» **Exercise**
Retype the records below word for word and omit any image.

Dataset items
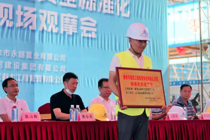 新余市质监站站长龚宇新宣读了《2021年新余市建设工程质量安全标准化暨扬尘治理示范工地表彰决定》,联发永康状元府项目成为本次全市唯一一个示范工地,项目经理袁传根作为代表上台领奖。
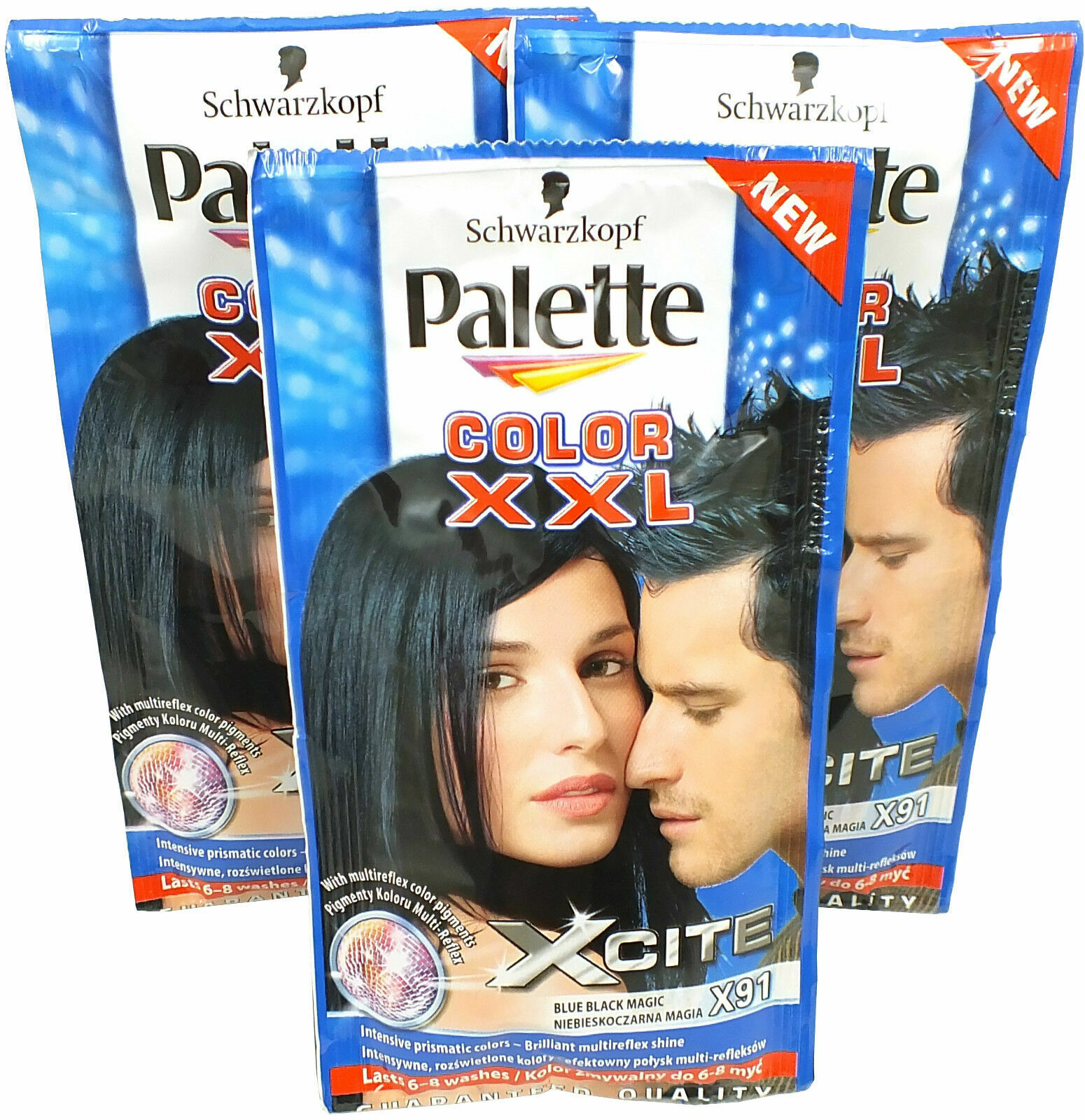3x Schwarzkopf Blue Black Magic X91 Palette Color XXL Xcite 25ml - Hair Colour
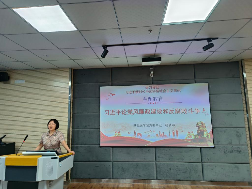 党委书记程梦琳以《习近平论党风廉政建设和反腐败斗争》为题,从“强化约束,让纪律规矩根植于心,践之于行”“惩治腐败,让权力运行公正严明、为民谋利”“正风肃纪,让廉洁新风涵养正气、沁润人心”三个方面,结合七个反面警示案例,掷地有声地为教师们解读了党风廉政建设和反腐败斗争的重要性,倡导公司全体职工切实加强师德师风建设,廉洁从教、以案为鉴,将党风廉政建设进行到底,全身心投入到推进“清廉湖科”建设中去。
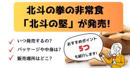 北斗の拳初のコラボ非常食「北斗の堅」の気になるパッケージと中身、販売場所、おすすめ5ポイントについてご紹介します。
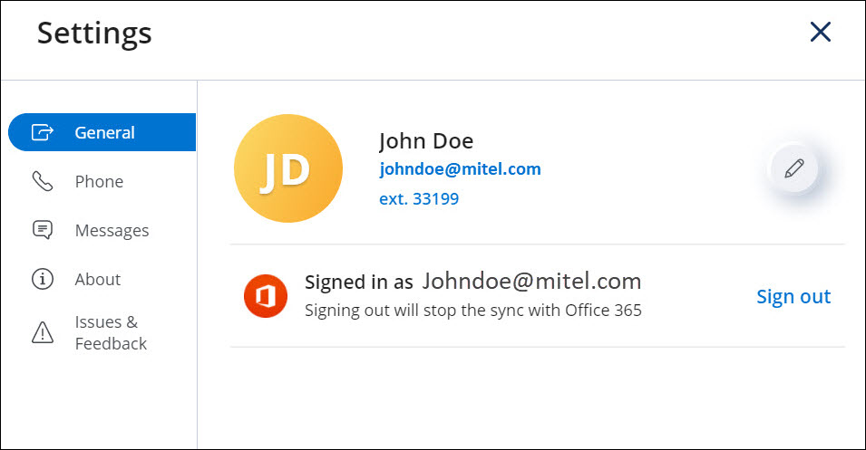 - The personal contacts in your Office 365 account will not be synchronized when you log out of the Mitel One web application. Therefore, you must enable the application to access the personal contacts on your Office 365 application by signing in to the Office 365 account each time you log in to the application.

» **Output for this task**
 新余市质监站站长龚宇新宣读了《2021年新余市建设工程质量安全标准化暨扬尘治理示范工地表彰决定》,联发永康状元府项目成为本次全市唯一一个示范工地,项目经理袁传根作为代表上台领奖。
3x Schwarzkopf Blue Black Magic X91 Palette Color XXL Xcite 25ml - Hair Colour
 党委书记程梦琳以《习近平论党风廉政建设和反腐败斗争》为题,从“强化约束,让纪律规矩根植于心,践之于行”“惩治腐败,让权力运行公正严明、为民谋利”“正风肃纪,让廉洁新风涵养正气、沁润人心”三个方面,结合七个反面警示案例,掷地有声地为教师们解读了党风廉政建设和反腐败斗争的重要性,倡导公司全体职工切实加强师德师风建设,廉洁从教、以案为鉴,将党风廉政建设进行到底,全身心投入到推进“清廉湖科”建设中去。
 北斗の拳初のコラボ非常食「北斗の堅」の気になるパッケージと中身、販売場所、おすすめ5ポイントについてご紹介します。
 - The personal contacts in your Office 365 account will not be synchronized when you log out of the Mitel One web application. Therefore, you must enable the application to access the personal contacts on your Office 365 application by signing in to the Office 365 account each time you log in to the application.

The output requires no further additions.